I am editing the C0 of a motor6D which connects the uppertorso and the head, and when changing that both of the arms rotate as well.(You don’t notice your torso rotating in first person though, just the arms moving so it works great)
I was thinking of animating the movement just using a lerp later on, just wanted to get the core mechanic working.
Velocity is just the velocity of the humanoidrootpart, and yeah the second part wasn’t really meant for your case. Since I am a horrible animator I’ve only got mocapped animations so that was the best solution for me. The main objective was to give you some code that just gives an angle based on the direction they’re walking towards. velocity = rootPart.CFrame:Inverse() * (rootPart.Position + rootPart.Velocity)

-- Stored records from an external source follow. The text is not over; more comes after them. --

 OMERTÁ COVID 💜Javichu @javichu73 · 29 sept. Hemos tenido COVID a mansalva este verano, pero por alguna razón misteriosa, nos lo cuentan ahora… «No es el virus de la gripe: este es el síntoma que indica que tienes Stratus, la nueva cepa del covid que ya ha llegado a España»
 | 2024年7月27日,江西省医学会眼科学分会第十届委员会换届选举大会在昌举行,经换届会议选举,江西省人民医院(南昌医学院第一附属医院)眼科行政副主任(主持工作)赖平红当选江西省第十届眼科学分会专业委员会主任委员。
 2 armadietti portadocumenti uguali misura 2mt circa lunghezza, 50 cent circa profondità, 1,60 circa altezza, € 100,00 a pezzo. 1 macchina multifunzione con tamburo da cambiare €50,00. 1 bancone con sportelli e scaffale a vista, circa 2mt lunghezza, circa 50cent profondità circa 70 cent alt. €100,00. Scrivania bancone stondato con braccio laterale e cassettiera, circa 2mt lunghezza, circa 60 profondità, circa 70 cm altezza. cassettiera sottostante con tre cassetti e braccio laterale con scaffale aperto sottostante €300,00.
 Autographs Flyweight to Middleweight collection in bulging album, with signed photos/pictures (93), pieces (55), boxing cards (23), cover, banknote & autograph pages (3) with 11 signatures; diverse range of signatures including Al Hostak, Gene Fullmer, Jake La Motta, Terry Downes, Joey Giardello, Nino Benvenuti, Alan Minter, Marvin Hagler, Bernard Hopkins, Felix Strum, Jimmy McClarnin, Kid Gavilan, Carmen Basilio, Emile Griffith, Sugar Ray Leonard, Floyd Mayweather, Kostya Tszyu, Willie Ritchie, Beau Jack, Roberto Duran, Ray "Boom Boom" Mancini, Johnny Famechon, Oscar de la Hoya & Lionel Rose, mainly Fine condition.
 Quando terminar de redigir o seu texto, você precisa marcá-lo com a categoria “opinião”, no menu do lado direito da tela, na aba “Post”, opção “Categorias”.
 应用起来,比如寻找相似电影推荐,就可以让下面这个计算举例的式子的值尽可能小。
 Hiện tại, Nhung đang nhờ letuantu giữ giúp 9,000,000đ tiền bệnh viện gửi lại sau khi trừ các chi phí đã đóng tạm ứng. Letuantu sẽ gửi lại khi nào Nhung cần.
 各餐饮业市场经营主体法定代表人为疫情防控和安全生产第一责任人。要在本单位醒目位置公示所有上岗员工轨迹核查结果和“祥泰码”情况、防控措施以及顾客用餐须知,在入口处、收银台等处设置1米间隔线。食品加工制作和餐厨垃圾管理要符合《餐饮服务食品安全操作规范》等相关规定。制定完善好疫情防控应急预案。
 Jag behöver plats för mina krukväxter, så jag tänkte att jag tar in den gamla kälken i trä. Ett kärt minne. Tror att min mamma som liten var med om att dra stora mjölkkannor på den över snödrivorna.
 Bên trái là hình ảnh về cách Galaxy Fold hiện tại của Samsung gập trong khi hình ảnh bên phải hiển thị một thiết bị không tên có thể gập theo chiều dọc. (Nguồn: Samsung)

Great! Got it to work now, thanks for the additional code I was missing.
I expanded the range by 10 degrees to make sure it also detected strafing while going backwards and forwards as the angle was a bit closer to 0/180.
I also added a debounce which makes sure that I only update my strafing if the direction is different than the last one.
And as a last I plugged it into runService.Heartbeat event to make sure it updates constantly.
The implementation and idea is great as I can really configure it the way I want it now. Cheers! Thanks a lot.